Calonarius oliveopetasatus

Scientific classification
- Kingdom: Fungi
- Division: Basidiomycota
- Class: Agaricomycetes
- Order: Agaricales
- Family: Cortinariaceae
- Genus: Calonarius
- Species: C. oliveopetasatus
- Binomial name: Calonarius oliveopetasatus (M.M. Moser) Niskanen & Liimat.
- Synonyms: Cortinarius oliveopetasatus M.M. Moser

= Calonarius oliveopetasatus =

- Genus: Calonarius
- Species: oliveopetasatus
- Authority: (M.M. Moser) Niskanen & Liimat.
- Synonyms: Cortinarius oliveopetasatus M.M. Moser

Species of fungus

Calonarius oliveopetasatus, formerly known as Cortinarius oliveopetasatus, is a species of mushroom in the family Cortinariaceae. It is rare.

== Description ==
The cap of Calonarius oliveopetasatus starts out dark green, before becoming olive brown as the mushroom gets older. It starts out round or convex and becomes convex or flat. The gills start out buff in color and become yellowish and eventually rusty brown. The stipe is about 5.5-10 centimeters long and 1–2.5 centimeters wide. It has a bulbous base that is about 2.5-4.5 centimeters wide. The stipe is yellowish to brownish.

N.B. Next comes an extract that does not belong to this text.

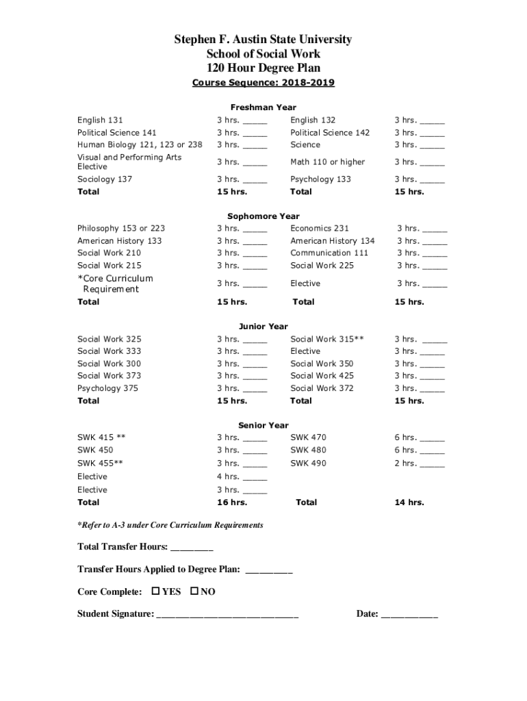 Fillable Online catalog.sfasu.edupreviewprogramBachelor of Social Work

A cortina is present and the spore print is rusty brown. The spores can be almond-shaped or lemon shaped, and there are four spores per basidium. Cheliocystidia are absent, but clamp connections are present. When potassium hydroxide is applied, the cap of the mushroom turns orangish brown and the stipe turns dark brown.

== Habitat and ecology ==
Calonarius oliveopetasatus grows under conifers such as douglas fir. It is found on the Olympic Peninsula and in the Cascades, where it grows in old-growth forests.